Го Бохай стряхнул остатки снега со своих одеяний, взял факел и пошел первым, правда, довольно неуверенно. Спутники шагали рядом, выставляя факелы впереди, и наставнику все время что-то попадало под ноги: он то запинался о камни, то наступал на них и терял равновесие, а Сянцзян все время ворчал, потому что Го Бохай хватался за него.
– Мы так точно живыми не доберемся до твоего храма! Ты можешь смотреть под ноги?
Сянцзян поменялся с ним местами и не обнаружил ни одного препятствия, в то время как его спутник все продолжал нелепо ковылять. Наконец, наступив на очередной камень, Го Бохай не удержался и ахнул от боли. Сянцзян опустил факел к земле. Как только свет пал на землю, мелкие камни под ногами странным образом дрогнули, а демон увидел кровавый след, который тянулся за Го Бохаем.
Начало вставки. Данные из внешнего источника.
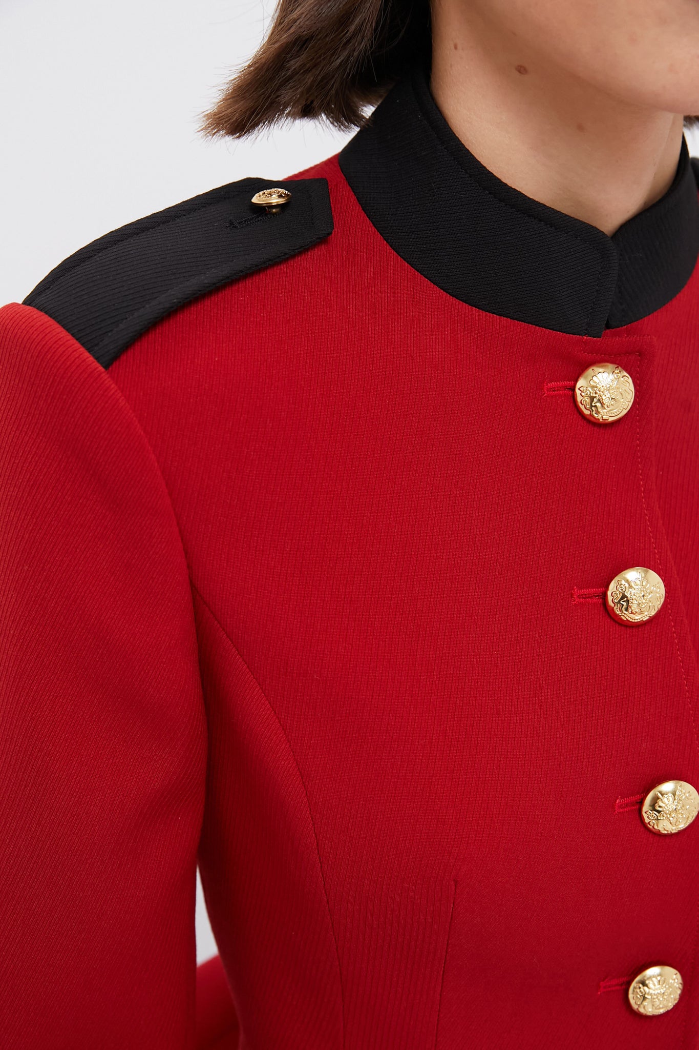 The Ada Jacket is perfect for making a statement this holiday season. Featuring a fit and flare silhouette. a Mandarin neckline. epaulettes at the shoulder. and gold button detailing. this jacket is bound to turn heads. We recommend pairing with a slip skirt or trousers. black heels. and a rhinestoned clutch for the picture perfect party look!

По-видимому, когда он упрямо карабкался на другую сторону хребта или когда упал в расщелину, повредил ногу острым камнем.
Сянцзян бросил взор на Го Бохая, будто бы тот специально молчал, передал ему свой факел и силой стянул с него сапог. Рана была значительная. Не потратив и секунды на размышления, демон принялся отрывать новый лоскут ткани от подола синего одеяния Го Бохая. Слушая приглушенный недовольный бубнеж, Сянцзян перевязал ступню спутника и вернул ее обратно в сапог. Лишь закончив, он нарушил свое молчание:
– Будешь должен… Твоя рана может принести много неудобств нам обоим, а кровь – привлечь незваных гостей. Здесь нельзя надолго оставаться.
Го Бохай прекрасно это понимал.
Они продолжили идти, и наконец длинный коридор вывел их в лабиринтную часть грота. К удивлению обоих, те камни, что будто специально попадались Го Бохаю на его пути, резко перестали портить ему жизнь. И от этого в его сердце закралось нехорошее предчувствие. Все выглядело так, словно кто-то умышленно подкидывал их под ноги раненому.
Го Бохай и Сянцзян остановились у развилки – впереди было четыре одинаковых на вид пути. И оба тут же принялись спорить. Если, вступая в словесную перепалку со своим воспитанником, Го Бохай умилялся простоте доброй души и озорству ученика, превращая спор с ним в легкие дебаты, то с Сянцзяном поиски общего решения всегда приводили лишь к скандалу. Вот и сейчас они стояли и спорили, куда пойти, как два поседевших соседа, ругающихся изо дня в день через общий забор. Было непонятно, по какому из четырех совершенно одинаковых темных и холодных путей нужно следовать. Но Сянцзян почему-то решил, что тот путь, который предлагает Го Бохай, более опасный.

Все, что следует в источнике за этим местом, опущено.